Diagnosis
and Staging
Introduction
Evaluation of a breast symptom or abnormal
finding begins with a thorough medical history and
physical examination, followed by imaging tests. Breast
biopsy is used for subsequent investigation of suspicious
lesions and for definitive diagnosis. The process reflects
a gradually increasing degree of invasiveness so that
diagnosis is obtained with a minimum amount of patient
discomfort and cost. Abnormalities found to be cancer
are staged and further characterized in order to estimate
prognosis and determine appropriate treatment.
Medical
History and Physical Examination
The first step in the evaluation of a
patient with suspected breast cancer begins with a
complete medical history. In addition to obtaining
detailed information about the breast finding, including
any changes over time, the provider should inquire
about any new localized or constitutional symptoms;
take note of known breast cancer risk factors; and
elicit a detailed family history of cancer, with special
attention given to breast and ovarian cancers. Also
important, the provider should ask about or observe
any signs of emotional distress that may be related
to the discovery of the breast lesion. While most cases
will prove to be benign, the process of evaluation
can be a difficult time for a patient. The provider
can help by facilitating any needed emotional counseling
or support.1
In addition to a general exam, a complete
physical examination includes a full pelvic exam and
Pap smears. A visual and manual inspection of the breasts
will search for the presence of lumps or masses; asymmetry;
changes to the skin or to the nipples; and tenderness.
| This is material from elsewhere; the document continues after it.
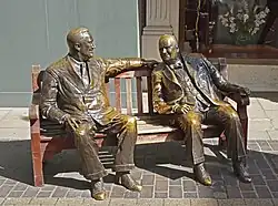 Churchill spoke at Conservative meetings[48] and was selected as one of the party's two candidates for the June 1899 Oldham by-election.[49] While campaigning, he referred to himself as "a Conservative and a Tory Democrat".[50] Although the seats had been held by the Conservatives, the result was a narrow Liberal victory.[51]

Regional lymph nodes will be palpated for swelling
or firmness. Other areas of the body will be checked
for obvious spread of breast cancer and to help evaluate
the general condition of the patient's health.2
The Breast
Cancer Diagnostic Algorithms for Primary Care Providers (Cancer
Detection Section, California Department of Health
Services, 2005) provides detailed guidance for
the work-up of a new palpable mass; abnormal screening
mammogram with normal CBE; spontaneous unilateral
nipple discharge; breast skin changes; and breast
pain. There is also a risk assessment algorithm,
and, in the case of breast biopsy, an algorithm for
the management of pathologic findings. The algorithms
have been developed by an expert panel of California
providers and are available for viewing on this web
site.
Primary care providers are responsible
for assessing a patient's risk for breast cancer, performing
CBE, recommending appropriate screening techniques,
and ensuring that the patient receives complete and
timely follow-up of any abnormal findings.
Primary care records should contain all relevant imaging
and biopsy results, documenting a complete and timely
follow-up. California's Cancer
Detection Programs: Every Woman Counts expects
this complete follow-up of abnormal findings within
60 days.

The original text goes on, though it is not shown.